* PROBLEM REQUIREMENTS
Set down exactly the lines below between the line holding "Innanför köket finns" and the line holding "Sedia Ergonomica con", inclusive; no other line belongs in the answer.

· · ·

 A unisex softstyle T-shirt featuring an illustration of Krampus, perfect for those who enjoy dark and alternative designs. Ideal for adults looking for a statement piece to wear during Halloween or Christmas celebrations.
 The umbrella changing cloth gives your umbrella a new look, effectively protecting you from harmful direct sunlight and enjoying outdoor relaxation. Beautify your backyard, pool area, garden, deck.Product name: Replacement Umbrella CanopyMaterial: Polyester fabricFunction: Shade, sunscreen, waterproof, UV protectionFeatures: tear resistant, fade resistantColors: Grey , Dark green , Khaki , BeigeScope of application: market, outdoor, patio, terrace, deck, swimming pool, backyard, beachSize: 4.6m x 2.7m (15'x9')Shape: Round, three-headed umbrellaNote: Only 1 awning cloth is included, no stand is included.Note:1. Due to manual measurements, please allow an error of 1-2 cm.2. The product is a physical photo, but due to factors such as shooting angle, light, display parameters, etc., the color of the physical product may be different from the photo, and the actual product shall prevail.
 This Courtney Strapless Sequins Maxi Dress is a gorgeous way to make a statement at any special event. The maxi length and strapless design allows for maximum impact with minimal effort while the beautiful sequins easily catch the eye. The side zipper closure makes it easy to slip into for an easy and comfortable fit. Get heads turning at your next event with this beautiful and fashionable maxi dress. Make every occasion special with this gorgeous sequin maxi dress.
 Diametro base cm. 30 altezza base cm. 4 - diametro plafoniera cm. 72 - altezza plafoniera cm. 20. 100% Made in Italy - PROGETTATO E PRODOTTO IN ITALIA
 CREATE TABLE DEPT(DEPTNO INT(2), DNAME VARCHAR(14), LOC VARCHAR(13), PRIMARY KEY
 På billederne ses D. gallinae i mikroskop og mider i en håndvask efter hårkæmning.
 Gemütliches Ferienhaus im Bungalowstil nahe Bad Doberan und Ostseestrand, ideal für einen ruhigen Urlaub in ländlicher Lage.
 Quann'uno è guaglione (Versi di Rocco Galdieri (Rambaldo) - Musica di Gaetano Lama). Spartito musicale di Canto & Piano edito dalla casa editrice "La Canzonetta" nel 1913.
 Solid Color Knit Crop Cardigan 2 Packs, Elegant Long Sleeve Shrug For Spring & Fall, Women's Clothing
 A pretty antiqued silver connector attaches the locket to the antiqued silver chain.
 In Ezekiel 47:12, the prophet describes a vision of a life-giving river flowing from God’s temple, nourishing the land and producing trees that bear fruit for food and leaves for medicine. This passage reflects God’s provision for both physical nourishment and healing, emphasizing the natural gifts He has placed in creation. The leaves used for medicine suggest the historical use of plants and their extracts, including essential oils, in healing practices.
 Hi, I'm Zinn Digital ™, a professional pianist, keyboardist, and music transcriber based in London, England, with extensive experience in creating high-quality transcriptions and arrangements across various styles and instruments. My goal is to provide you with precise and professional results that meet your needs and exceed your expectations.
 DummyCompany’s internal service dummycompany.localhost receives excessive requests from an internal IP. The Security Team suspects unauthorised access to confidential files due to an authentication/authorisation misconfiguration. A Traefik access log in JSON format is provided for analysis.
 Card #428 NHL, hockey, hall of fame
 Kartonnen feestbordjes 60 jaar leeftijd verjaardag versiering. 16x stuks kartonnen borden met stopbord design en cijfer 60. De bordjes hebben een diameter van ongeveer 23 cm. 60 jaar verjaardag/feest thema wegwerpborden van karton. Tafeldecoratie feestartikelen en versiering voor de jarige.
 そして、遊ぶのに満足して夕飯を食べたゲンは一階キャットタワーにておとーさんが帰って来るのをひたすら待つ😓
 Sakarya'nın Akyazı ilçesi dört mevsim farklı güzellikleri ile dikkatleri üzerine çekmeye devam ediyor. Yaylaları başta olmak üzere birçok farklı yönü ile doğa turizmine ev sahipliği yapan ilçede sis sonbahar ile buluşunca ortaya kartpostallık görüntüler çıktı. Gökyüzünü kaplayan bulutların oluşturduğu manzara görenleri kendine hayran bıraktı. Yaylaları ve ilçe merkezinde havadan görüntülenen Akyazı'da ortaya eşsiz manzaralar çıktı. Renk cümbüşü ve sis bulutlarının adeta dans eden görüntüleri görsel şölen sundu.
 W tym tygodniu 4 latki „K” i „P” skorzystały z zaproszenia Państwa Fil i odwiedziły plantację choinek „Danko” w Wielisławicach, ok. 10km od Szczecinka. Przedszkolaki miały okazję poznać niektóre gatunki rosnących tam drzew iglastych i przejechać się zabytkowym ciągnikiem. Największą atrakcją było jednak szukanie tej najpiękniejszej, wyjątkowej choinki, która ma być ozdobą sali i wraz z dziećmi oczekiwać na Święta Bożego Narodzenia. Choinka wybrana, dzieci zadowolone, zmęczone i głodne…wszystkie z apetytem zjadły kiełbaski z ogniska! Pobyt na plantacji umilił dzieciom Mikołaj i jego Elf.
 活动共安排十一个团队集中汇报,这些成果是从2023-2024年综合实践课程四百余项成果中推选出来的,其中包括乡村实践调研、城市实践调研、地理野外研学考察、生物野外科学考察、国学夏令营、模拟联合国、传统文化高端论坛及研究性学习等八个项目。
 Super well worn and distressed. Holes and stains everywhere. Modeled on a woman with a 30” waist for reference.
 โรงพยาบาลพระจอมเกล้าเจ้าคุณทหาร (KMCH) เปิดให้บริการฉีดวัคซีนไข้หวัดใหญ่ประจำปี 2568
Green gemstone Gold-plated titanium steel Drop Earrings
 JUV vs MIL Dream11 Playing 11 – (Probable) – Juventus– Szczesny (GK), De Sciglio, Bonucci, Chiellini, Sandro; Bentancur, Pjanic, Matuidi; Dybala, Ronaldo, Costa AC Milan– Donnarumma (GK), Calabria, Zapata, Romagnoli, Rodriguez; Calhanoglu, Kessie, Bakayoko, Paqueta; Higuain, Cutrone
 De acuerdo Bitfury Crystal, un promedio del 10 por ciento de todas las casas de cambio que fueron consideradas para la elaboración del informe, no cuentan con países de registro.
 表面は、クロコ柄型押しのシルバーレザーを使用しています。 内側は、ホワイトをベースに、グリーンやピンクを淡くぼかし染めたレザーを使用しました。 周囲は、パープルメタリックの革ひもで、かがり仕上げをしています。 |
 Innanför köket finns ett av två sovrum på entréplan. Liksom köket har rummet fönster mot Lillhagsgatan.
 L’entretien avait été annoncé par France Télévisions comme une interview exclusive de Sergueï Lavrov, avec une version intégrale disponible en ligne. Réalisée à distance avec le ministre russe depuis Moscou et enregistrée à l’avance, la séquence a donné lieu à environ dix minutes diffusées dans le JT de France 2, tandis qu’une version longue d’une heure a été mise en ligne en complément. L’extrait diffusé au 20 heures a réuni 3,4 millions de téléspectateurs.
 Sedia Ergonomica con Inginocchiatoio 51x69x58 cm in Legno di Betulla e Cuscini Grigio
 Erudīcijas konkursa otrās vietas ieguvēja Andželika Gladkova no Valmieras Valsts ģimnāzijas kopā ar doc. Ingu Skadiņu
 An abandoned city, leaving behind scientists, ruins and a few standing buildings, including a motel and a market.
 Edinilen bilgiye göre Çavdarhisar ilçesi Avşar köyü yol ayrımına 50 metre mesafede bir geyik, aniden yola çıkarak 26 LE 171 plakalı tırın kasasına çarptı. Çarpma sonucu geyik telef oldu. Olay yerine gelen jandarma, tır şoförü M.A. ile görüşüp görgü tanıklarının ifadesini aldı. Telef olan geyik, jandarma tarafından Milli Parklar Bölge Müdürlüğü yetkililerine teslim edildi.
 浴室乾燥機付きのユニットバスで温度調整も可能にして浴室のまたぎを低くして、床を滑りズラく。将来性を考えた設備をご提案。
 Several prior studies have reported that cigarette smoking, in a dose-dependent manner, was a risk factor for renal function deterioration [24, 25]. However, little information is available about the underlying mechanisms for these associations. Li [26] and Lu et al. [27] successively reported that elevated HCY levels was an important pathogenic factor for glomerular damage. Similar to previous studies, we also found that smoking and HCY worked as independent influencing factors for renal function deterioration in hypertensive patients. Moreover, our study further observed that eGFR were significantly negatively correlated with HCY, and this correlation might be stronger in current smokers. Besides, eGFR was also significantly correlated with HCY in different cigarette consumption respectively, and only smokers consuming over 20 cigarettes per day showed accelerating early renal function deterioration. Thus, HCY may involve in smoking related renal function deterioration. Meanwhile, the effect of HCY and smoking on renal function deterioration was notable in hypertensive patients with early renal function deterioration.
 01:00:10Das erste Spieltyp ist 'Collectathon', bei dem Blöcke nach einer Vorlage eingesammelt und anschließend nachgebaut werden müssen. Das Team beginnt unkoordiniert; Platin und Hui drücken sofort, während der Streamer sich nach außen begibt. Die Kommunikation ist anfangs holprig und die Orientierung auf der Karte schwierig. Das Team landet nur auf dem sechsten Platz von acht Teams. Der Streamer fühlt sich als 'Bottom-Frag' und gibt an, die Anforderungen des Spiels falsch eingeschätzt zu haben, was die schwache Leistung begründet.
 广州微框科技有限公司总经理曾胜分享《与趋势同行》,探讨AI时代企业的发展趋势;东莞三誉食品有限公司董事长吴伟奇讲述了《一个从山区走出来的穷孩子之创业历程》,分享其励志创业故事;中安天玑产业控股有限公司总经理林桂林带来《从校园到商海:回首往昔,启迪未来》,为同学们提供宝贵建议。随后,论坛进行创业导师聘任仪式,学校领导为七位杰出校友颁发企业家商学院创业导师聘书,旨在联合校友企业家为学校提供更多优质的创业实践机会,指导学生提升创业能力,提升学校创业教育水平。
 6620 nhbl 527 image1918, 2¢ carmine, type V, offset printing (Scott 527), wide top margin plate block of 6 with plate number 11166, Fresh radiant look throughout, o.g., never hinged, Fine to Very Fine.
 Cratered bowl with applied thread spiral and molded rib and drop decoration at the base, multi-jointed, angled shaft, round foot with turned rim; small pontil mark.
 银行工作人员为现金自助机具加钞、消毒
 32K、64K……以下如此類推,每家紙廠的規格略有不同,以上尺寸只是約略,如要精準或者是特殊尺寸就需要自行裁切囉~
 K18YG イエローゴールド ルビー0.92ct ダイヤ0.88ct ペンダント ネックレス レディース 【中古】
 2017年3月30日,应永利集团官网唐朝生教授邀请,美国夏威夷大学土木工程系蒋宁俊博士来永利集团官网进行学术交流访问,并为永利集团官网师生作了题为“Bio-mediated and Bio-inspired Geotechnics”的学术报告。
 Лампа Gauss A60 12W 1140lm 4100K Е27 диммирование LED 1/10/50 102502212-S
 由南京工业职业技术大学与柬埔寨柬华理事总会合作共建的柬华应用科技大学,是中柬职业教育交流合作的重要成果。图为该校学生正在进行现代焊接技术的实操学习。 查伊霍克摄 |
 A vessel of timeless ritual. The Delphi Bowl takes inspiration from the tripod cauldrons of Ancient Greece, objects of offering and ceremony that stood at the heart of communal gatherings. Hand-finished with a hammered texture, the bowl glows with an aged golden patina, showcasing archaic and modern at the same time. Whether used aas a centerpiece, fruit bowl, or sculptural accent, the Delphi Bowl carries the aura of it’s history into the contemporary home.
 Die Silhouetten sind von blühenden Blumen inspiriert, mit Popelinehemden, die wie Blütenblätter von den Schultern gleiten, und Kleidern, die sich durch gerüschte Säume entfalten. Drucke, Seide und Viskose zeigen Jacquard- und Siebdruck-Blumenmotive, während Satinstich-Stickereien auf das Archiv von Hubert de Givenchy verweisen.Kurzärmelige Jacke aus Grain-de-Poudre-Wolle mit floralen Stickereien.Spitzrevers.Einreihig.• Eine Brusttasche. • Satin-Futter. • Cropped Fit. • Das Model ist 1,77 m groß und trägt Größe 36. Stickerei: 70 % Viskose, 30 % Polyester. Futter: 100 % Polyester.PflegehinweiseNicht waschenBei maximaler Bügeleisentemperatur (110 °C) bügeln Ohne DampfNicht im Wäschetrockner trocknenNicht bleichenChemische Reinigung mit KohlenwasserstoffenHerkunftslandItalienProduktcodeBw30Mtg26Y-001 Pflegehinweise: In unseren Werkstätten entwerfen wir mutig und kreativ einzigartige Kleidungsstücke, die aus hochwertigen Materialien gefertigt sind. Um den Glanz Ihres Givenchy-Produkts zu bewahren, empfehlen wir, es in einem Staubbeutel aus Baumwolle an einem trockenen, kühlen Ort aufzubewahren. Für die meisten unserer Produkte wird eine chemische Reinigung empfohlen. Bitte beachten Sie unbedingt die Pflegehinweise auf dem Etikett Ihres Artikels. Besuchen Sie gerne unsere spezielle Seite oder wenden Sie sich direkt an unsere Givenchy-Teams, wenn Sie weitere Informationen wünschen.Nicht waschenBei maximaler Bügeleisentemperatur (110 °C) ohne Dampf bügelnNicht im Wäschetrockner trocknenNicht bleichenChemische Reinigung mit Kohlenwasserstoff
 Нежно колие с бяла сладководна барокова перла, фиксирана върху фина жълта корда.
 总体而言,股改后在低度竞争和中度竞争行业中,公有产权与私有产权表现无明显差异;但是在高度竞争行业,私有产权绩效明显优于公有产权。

· · ·

* EXERCISE RESPONSE
 Innanför köket finns ett av två sovrum på entréplan. Liksom köket har rummet fönster mot Lillhagsgatan.
 L’entretien avait été annoncé par France Télévisions comme une interview exclusive de Sergueï Lavrov, avec une version intégrale disponible en ligne. Réalisée à distance avec le ministre russe depuis Moscou et enregistrée à l’avance, la séquence a donné lieu à environ dix minutes diffusées dans le JT de France 2, tandis qu’une version longue d’une heure a été mise en ligne en complément. L’extrait diffusé au 20 heures a réuni 3,4 millions de téléspectateurs.
 Sedia Ergonomica con Inginocchiatoio 51x69x58 cm in Legno di Betulla e Cuscini Grigio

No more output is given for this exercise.